As shown in FIG. 8A, an epitaxial process is performed on the high concentration P ⁺⁺ type semiconductor substrate 361 to form a low concentration P ⁻ type epitaxial layer 362.

  Next, an active region and an element isolation region are partitioned on the semiconductor substrate 361, and an element isolation film 363 is formed in the element isolation region by an STI process or a LOCOS process.

  Next, a gate insulating film 364 and a conductive layer (for example, a high-concentration polycrystalline silicon layer) are sequentially deposited on the entire surface of the epi layer 362 on which the element isolation film 363 is formed, and the conductive layer and the gate insulating film are selectively removed. Thus, the gate electrode 365 is formed.

  As shown in FIG. 8B, a first photosensitive film 366 is applied to the entire surface of the semiconductor substrate 361 and patterned so that the blue, green, and red photodiode regions are exposed by exposure and development processes.

Next, using the patterned first photosensitive film 366 as a mask, blue, green and red photodiode regions 367 are formed by implanting low concentration n ⁻ -type impurity ions into the epi layer 362.

  Each photodiode region 367 is a source region of the reset transistor Rx.

On the other hand, when a reverse bias is applied between each photodiode region 367 and the low-concentration P ⁻ -type epi layer 362, a depletion layer is generated, and electrons generated by receiving light are generated when the reset transistor is turned off. Reduce potential. Accordingly, a voltage difference is generated by reducing the potential continuously from the turn-off time after the reset transistor is turned on, and the image sensor is operated using this as signal processing.

  Here, each photodiode region 367 is formed to have the same depth of 2 to 3 μm.

  That is, impurity ions are implanted into each photodiode region 367 with the same ion implantation energy so as to have the same depth.

  As shown in FIG. 8C, after the first photosensitive film 366 is completely removed and an insulating film is deposited on the entire surface of the semiconductor substrate 361, an etch back process is performed to form sidewall insulating films 368 on both side surfaces of the gate electrode 365. Form.

  Next, a second photosensitive film 369 is coated on the entire surface of the semiconductor substrate 361, and is patterned so as to cover the photodiode region by exposure and development processes, and to expose the source / drain regions and the gate electrode 365 of each transistor.

  Here, the first projecting region of the photodiode region 367 is covered by the second photosensitive film 369, and the second projecting region is patterned to be exposed.

Next, the patterned source / drain regions of the second photoresist layer 369 is exposed by using a mask which, the second protruding region of the photodiode region, by implanting high-concentration n ⁺ -type impurity ions into the gate electrode 365 n ⁺ A mold diffusion region 370 is formed.

  As shown in FIG. 8D, after the second photosensitive film 369 is removed and the third photosensitive film 371 is applied to the entire surface of the semiconductor substrate 361, the first projecting regions of the photodiode regions 367 are exposed in the exposure and development processes.
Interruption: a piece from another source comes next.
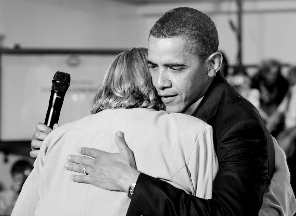 7月1日,在美国弗吉尼亚州,美国总统奥巴马拥抱一名53岁的癌症患者。当日,奥巴马在这里与民众代表就医疗改革计划进行现场讨论。奥巴马表示将全力推行医疗改革,使美国人享受良好的医疗福利。 (新华社发)

Pattern it like this.

Next, using the patterned third photosensitive film 371 as a mask, p ⁰ -type impurity ions are implanted into the first protruding region of the photodiode region 367 where the n ⁻ -type diffusion region 367 is formed, and the surface of the semiconductor substrate is formed. A p ⁰ -type diffusion region 372 is formed therein.

Here, the p ⁰ type diffusion region 372 is formed to a depth within 0.1 μm.

  As shown in FIG. 8E, the third photosensitive film 371 is removed, and a heat treatment process is performed on the semiconductor substrate 361 to diffuse each impurity diffusion region.

  The present invention described above is not limited to the above-described embodiments and the accompanying drawings, and it is understood that various substitutions, modifications, and changes can be made without departing from the technical idea of the present invention. It will be apparent to those skilled in the art to which the invention belongs.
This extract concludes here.